Demographic and clinical information for participants segregated by DSM-based diagnosis are shown in table 1. Significant group differences were observed on gender ratio and the majority of clinical measures.

Table 1.

Demographic and Clinical Information

HC BD SZ SZ-A F or χ2 (P)
N 73 59 88 76
Age 37.2 (11.3) 38.4 (10.8) 35.6 (10.7) 36.6 (10.9) 0.8 (.47)
% Male 54.8 35.6 62.5 53.9 10.5 (.02)
% per Site (1/2/3/4/5) 29/14/16/27/14 8/24/32/7/29 28/17/13/18/24 32/11/24/11/24 34.4 (<.01)
Education level (y) 14.8 (2.3) 14.7 (2.6) 12.8 (2.1) 13.6 (2.5) 12.0 (<.01)
Parental education level (y) 13.9 (2.7) 14.3 (2.5) 13.4 (3.3) 14.2 (2.7) 1.5 (.22)
SBS total 1.5 (0.9) 7.7 (1.2) 4.7 (1.3) 497.3 (<.01)
BDRS total 5.5 (5.3) 4.3 (4.6) 7.0 (6.5) 5.0 (.01)
Mood lability score 0.5 (0.1) 0.2 (0.1) 0.4 (0.1) 3.8 (.02)
YMRS total 10.0 (7.7) 9.9 (6.2) 13.1 (7.4) 5.1 (<.01)
BPRS total 40.2 (8.8) 43.2 (12.4) 49.7 (14.6) 10.8 (<.01)
CAINS anhedonia 8.4 (5.6) 12.3 (6.9) 14.4 (7.1) 7.8 (<.01)
CAINS blunting 0.8 (1.7) 3.8 (3.0) 3.3 (3.1) 22.0 (<.01)
UPSA-B total 83.9 (11.3) 84.6 (9.0) 75.0 (13.8) 77.8 (13.0) 10.7 (<.01)
Financial skills 43.7 (6.1) 42.9 (5.5) 39.1 (8.1) 40.9 (8.2) 6.2 (<.01)
Communication skills 40.3 (7.4) 41.5 (6.4) 35.8 (8.3) 37.0 (8.0) 8.7 (<.01)
% Taking antipsychotic 49.2 76.1 71.1 110.5 (<.01)
Antipsychotic dose (mg CPZ equivalent) 391.6 (522.7) 371.9 (301.0) 577.4 (778.2) 2.03 (.14)
% Taking mood stabilizer 69.5 13.6 28.9 92.5 (<.01)
% Taking antidepressant 59.3 26.1 56.6 74.0 (<.01)
% Taking anxiolytic 20.3 17.0 19.7 16.4 (<.01)

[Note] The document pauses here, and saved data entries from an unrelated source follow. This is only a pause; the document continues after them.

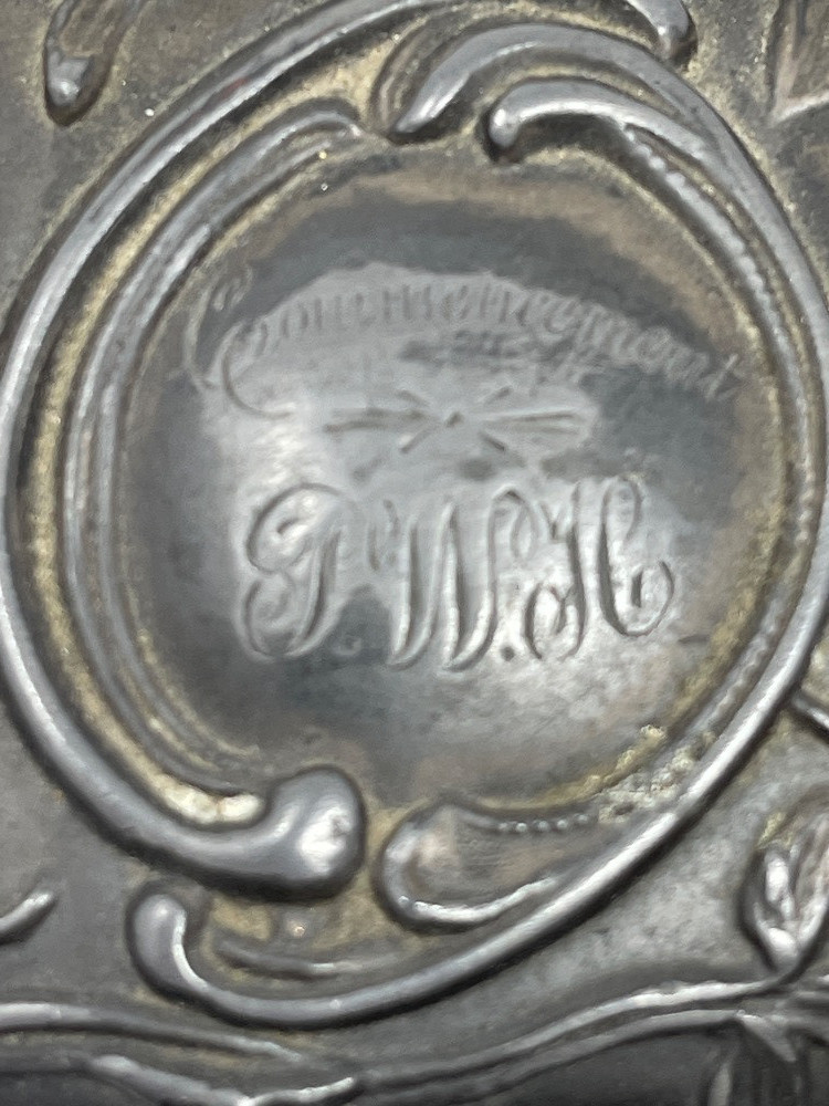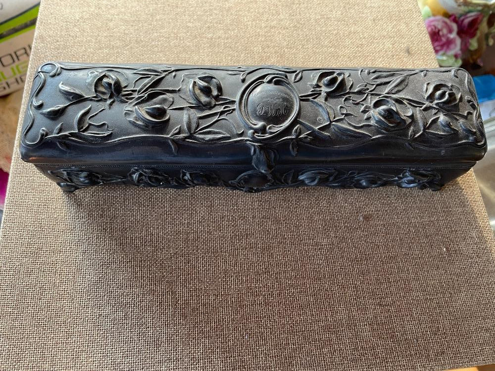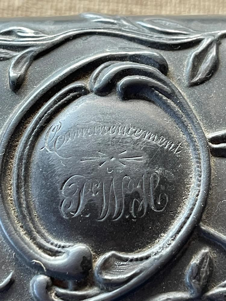 Floral Design Iron Pencil Box. Engraved Commencement and 3 initials.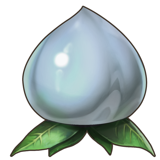 白銀モモ : 寿命を伸ばす美しい白銀の桃。一生に一度しか食べられない。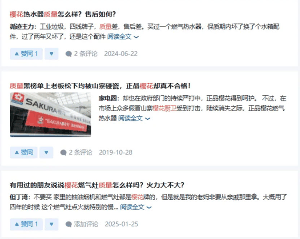 同时,长期存在的仿冒产品,已经在部分消费者心中形成混淆,即便正品樱花始终坚守产品品质和服务体系,也难以快速扭转消费者的负面认知。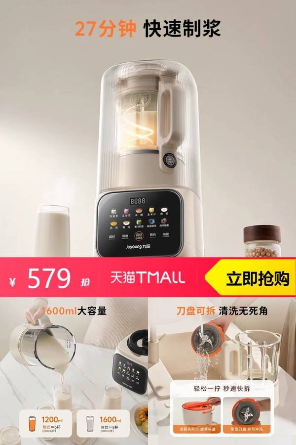 【有;凑淘金币+消费券+国补到手387,ST送30元】九阳破壁机可拆洗家用全自动豆浆机,可拆清洗更彻底,轻音低噪更细腻~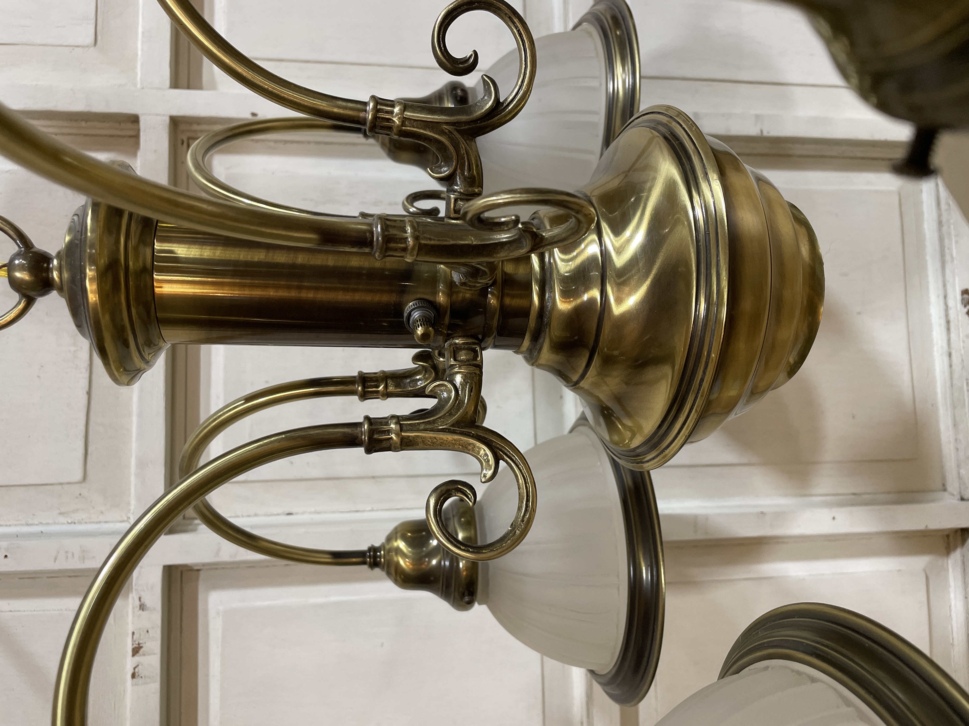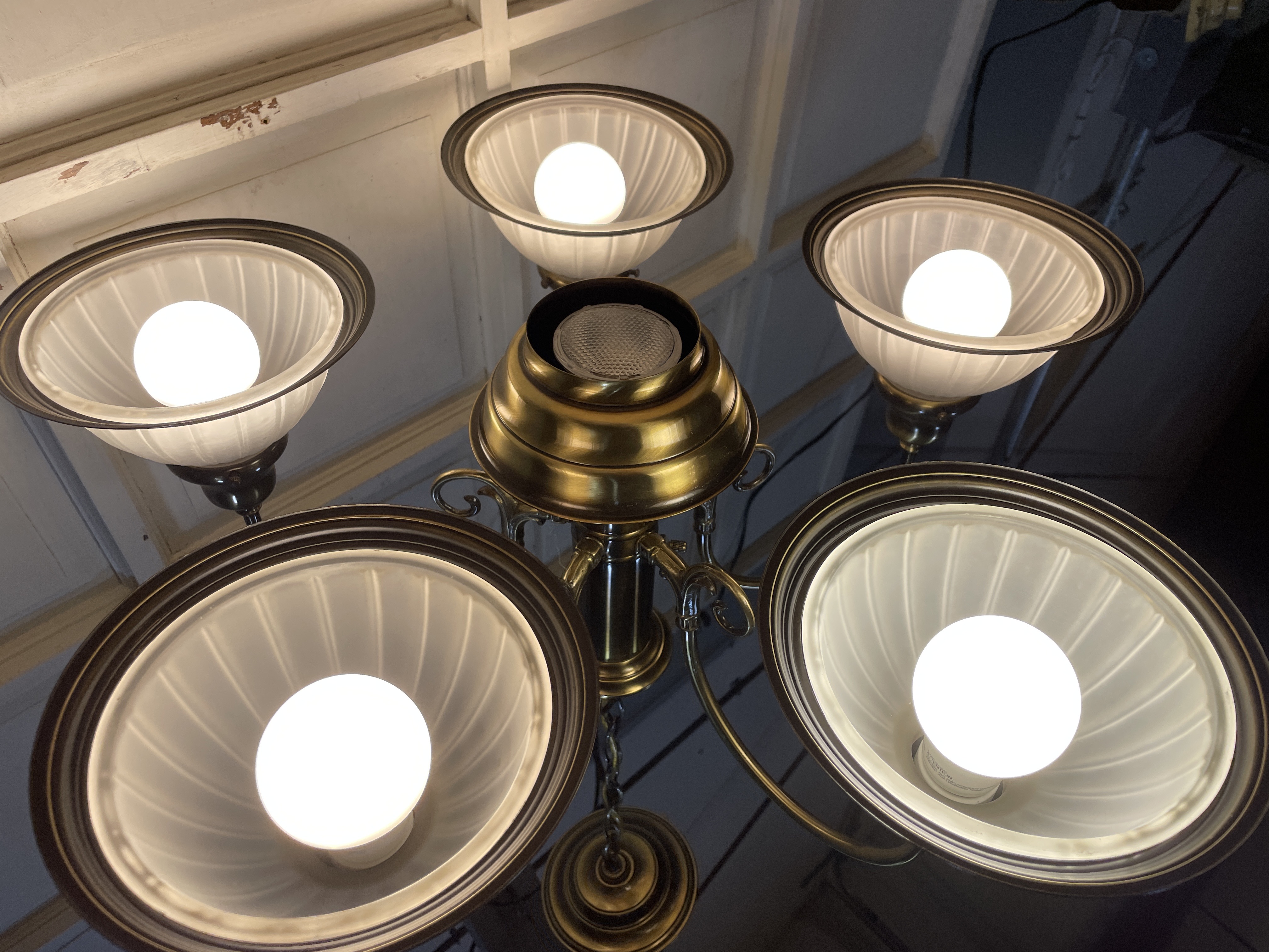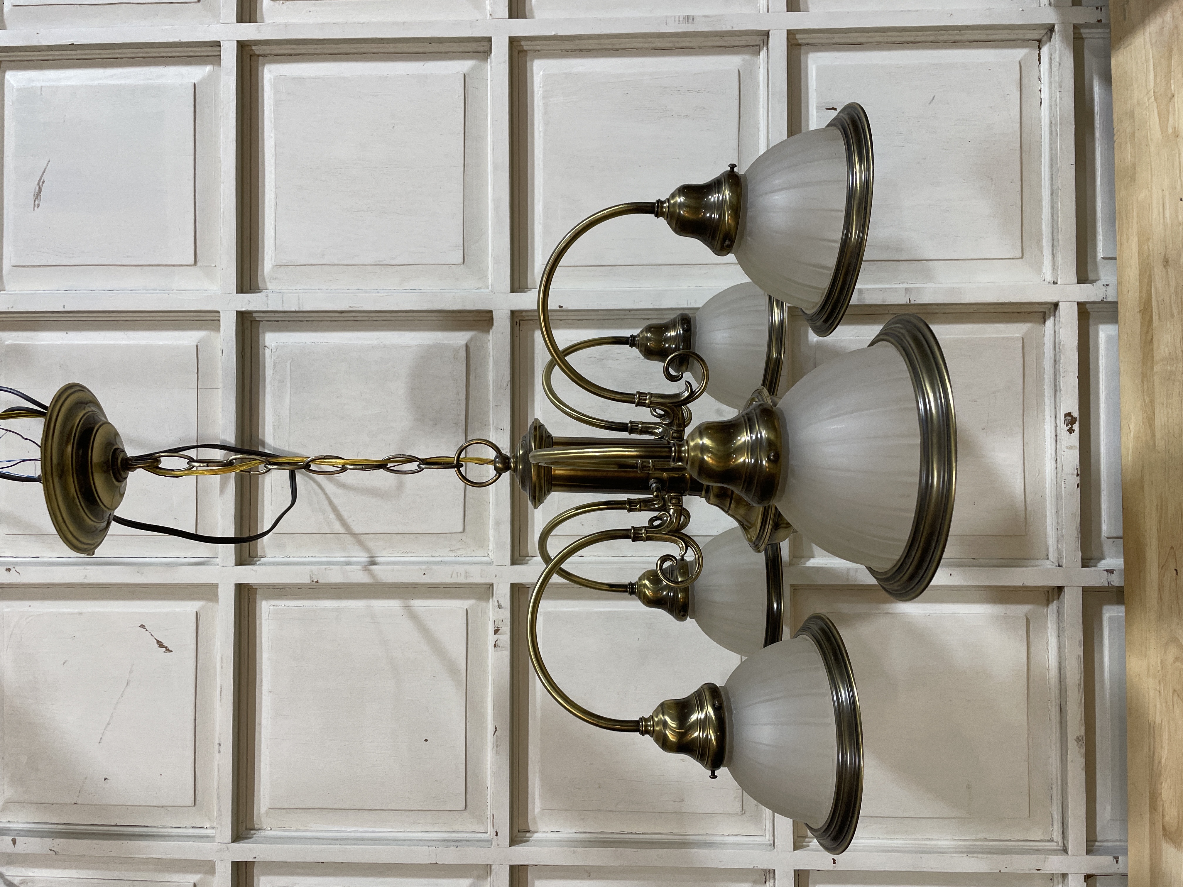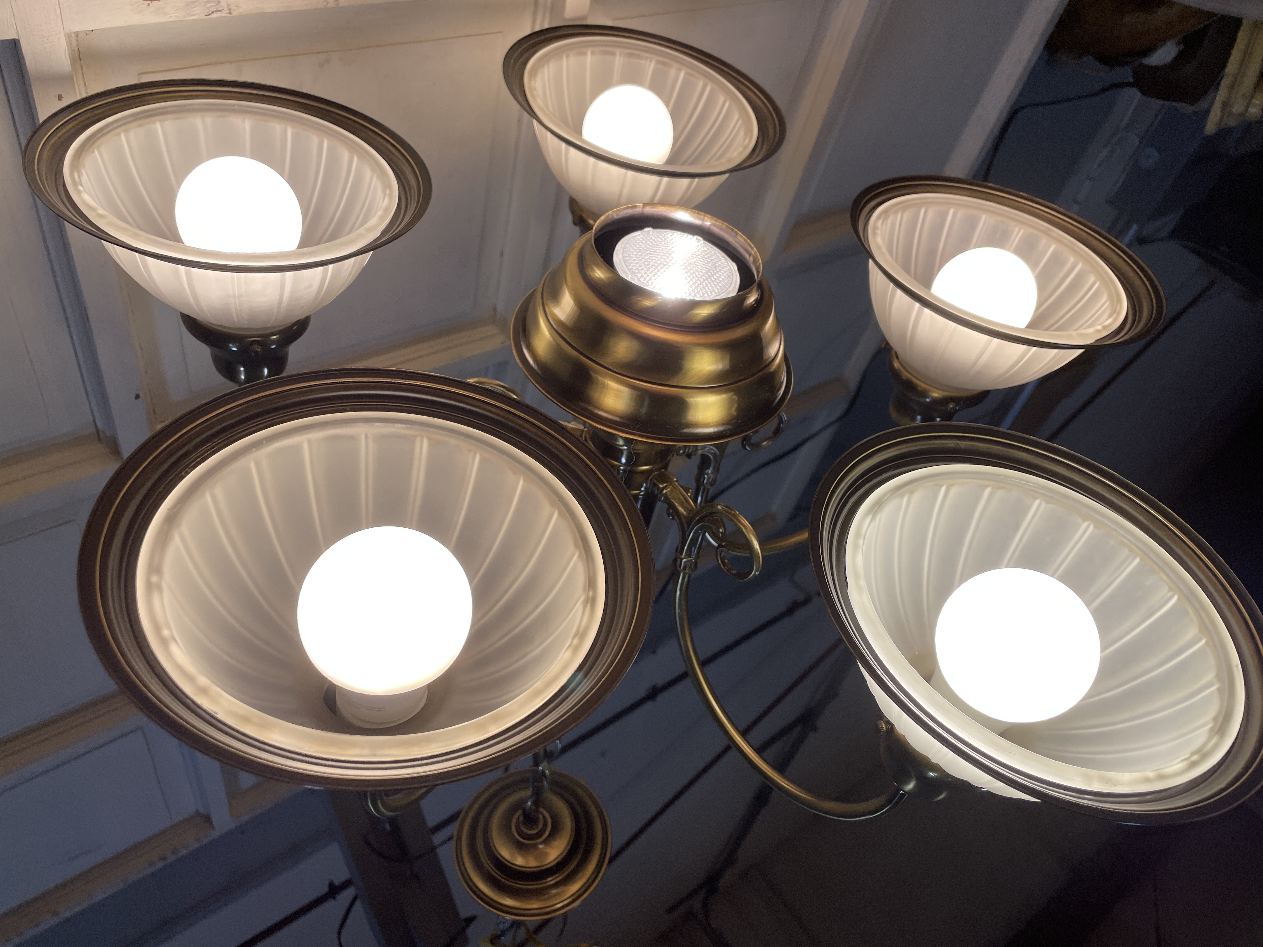 5 arms with center bulb for extra lights. Rubbed brass metal with a curlicue design. Ribbed and frosted shades. Light switch allows for 3 settings, see photos.

Note: BD, bipolar disorder; BDRS, Bipolar Depression Rating Scale; BPRS, Brief Psychiatric Rating Scale; CAINS, Clinical Assessment Interview for Negative Symptoms; CPZ, chlorpromazine; HC, healthy control; SBS, Schizo-Bipolar Scale; SZ, schizophrenia; SZ-A, schizoaffective disorder; UPSA-B, University of California San Diego Performance-Based Skills Assessment; YMRS, Young Mania Rating Scale. Numbers in parentheses represent the standard error.

DSM-Based Behavioral Comparison

Behavioral data segregated by diagnosis are presented in table 2 and supplementary table 1. HCs performed significantly more poorly than all 3 patient groups (BD, SZ-A, SZ) for all 3 primary behavioral measures of interest (P < .05). SZ patients performed significantly worse on the RISE than BD patients (P < .05). No other significant between-group differences were observed.

Table 2.

Primary Behavioral Data Segregated by Diagnosis

HC BD SZ SZ-A ANOVA Model F or χ2 (P)
Cognitive control (Z Score) 0.45 (0.86) 0.04 (0.82) −0.19 (1.03) −0.25 (1.08) 8.1 (<.001)
Episodic memory (RISE Factor Score) 0.50 (0.77) 0.09 (0.83) −0.17 (1.06) −0.36 (1.06) 11.3 (<.001)
Visual integration (JOVI Factor Score) 0.44 (0.90) −0.03 (1.02) −0.12 (0.96) −0.26 (1.00) 7.2 (<.001)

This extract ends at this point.